Given that the European Central Bank’s PEPP bond-buying program runs to end-March, so purchases of Greek bonds will be higher than during the reinvestments program starting in April, this first quarter of 2022 will be the busiest for the PDMA.
Recent pressure on Greek bond prices – as with other sovereign debt papers – that has prevented an earlier market foray does not seem to concern the Finance Ministry, “as long as the yields do not exceed 3% – i.e. the average long-term cost of borrowing,” according to a source. After all, international agencies have also forecast that 2022 will be a year of borrowing cost increases globally, partly due to the monetary policy swing.
Market experts say the first market foray will likely concern a benchmark 10-year issue for a typical and safe launch into 2022, as the PDMA has tended to do recently. That is also the expectation for January by analysts at Citigroup, JPMorgan, Danske Bank and DZ Bank. Still, the 10-year bond issued a year ago had a yield of 0.81%, a historic low, while its interest today (as a nine-year paper) tops 1.5%, which means that the yield of a new 10-year issue will be more than twice as high as last year’s. Consequently, if the ministry wished to broadcast a signal about Greece’s cost, such an issue would not be the main choice.

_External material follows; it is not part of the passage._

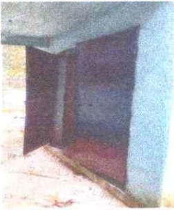
3. PUERTAS DE METAL

Given the above, a 20-year issue might be a better option, following the example of Portugal, offering a relatively high premium for a new issue. Societe Generale analysts Ninon Bachet and Sean Kou told Kathimerini that they expect Greece’s first foray this year to concern a 15- or a 20-year bond, more likely through the reissue of the 15-year paper dating since 2020. That was issued with an interest of 1.91%, and its yield (as a 13-year paper maturing in 2035) currently stands at 1.67%.
On the other hand, the PDMA usually tends to make its year debut in the market with a new benchmark bond and not by reopening previous issues.